The same concepts should be applied to Access applications. A design that asks for what to work on and then launches a form bound to a table with a "where" clause will thus fix this issue.
So if you have a form (and even a sub form) that displays a customer invoice, you would FIRST ASK FOR the invoice number, and then simply launch that form using a where clause that restricts the form to the ONE invoice!
Keep in mind that you can STILL use that invoice form bound to a table of 1 million rows and ONLY THE ONE record will be pulled down the network connection *if one used the where clause.
So a typical internet connection has adequate speed to run a browser, and also has MORE than adequate bandwidth speed to pull down a few records. Access often gets a bad rap for poor performance, but that is ONLY DUE to Access developers IGNORING the obvious advice that downloading tons of things that you don’t yet need into a form will run slow.
So web based applications, or even desktop applications written in vb.net perform well with SQL Azure running in the cloud over that MUCH slower internet connection because those applications don’t launch forms bound to large datasets WITHOUT FIRST simply allowing the user to request what they need to see and view.

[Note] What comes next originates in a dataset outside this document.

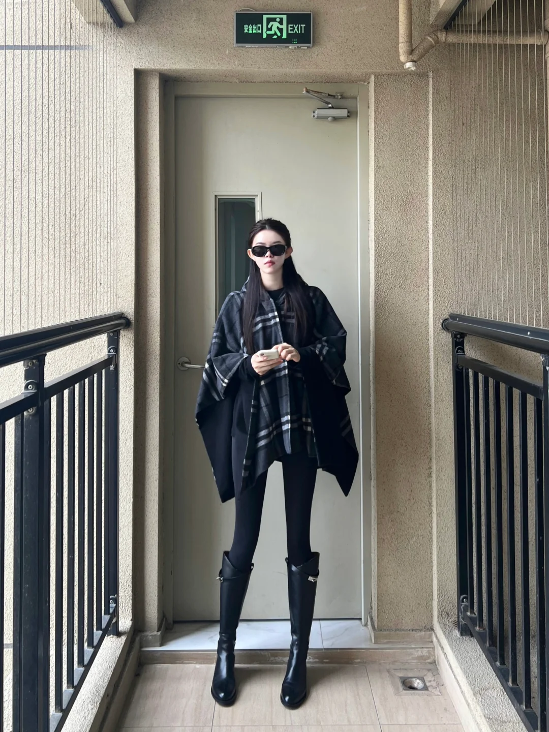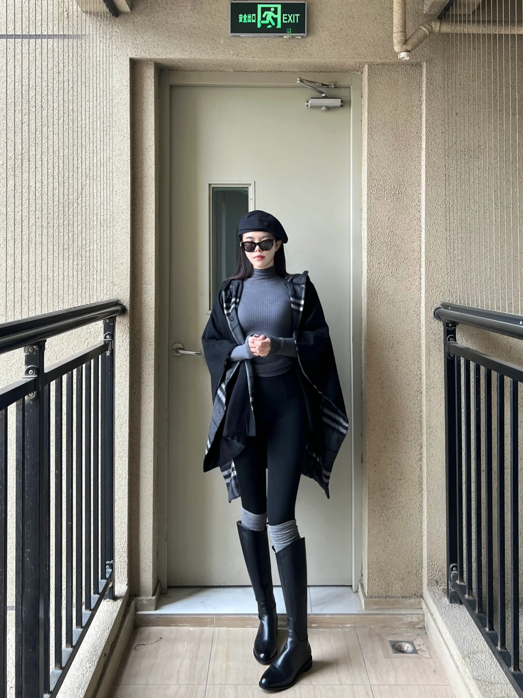 秋冬氛围感 长靴穿搭 斗篷 千金

As for Access and using SharePoint? That setup can be VERY fast, and in fact MUCH faster than SQL Azure, MySQL or any traditional database system because when you using SharePoint tables and Access, then Access automatic syncs a copy of the data local. This setup means your application will continue to run WITHOUT ANY internet connection. The instant the connection is restored, then the data sync can resume.
This means that if you have a table with 15,000 rows and run a report on that data the report can run and launch in an instant with SharePoint back end since a local copy of the data exists in the front end at ALL TIMES! So this setup is VERY well suited an off line mode or in cases that you have a poor and slow internet connections since you as noted always have local copy of the data – only when a record is changed does a sync occur, and that sync can occur independent of Access. So you change one record – and it starts syncing with SharePoint.
However for larger data sets that have to be updated, then SQL server is far better since you can execute a sql update on 10,000 rows and ZERO network traffic and transfer of data need occur to update those 10,000 rows when using SQL server (a pass through query) and when using SharePoint, the 10,000 rows WILL transfer over the network since the local copy requires the rows to be updated. So that massive advantage of using SharePoint for the database backend does not exist for applications that have to update lots of rows or do lots of row update types of data processing.
So the key concepts and take away here:
The high speed internet connection you have is often 10-200 times slower than your typical cheap office (local) network. So that means a 2 second operation will now take 10-200 times longer.
The Access application needs to be optimized to avoid things like loading too many records into a form. So building search forms etc. That FIRST ASK the user what they need to work on is a basic and simple requirement for all good developers and that includes Access developers.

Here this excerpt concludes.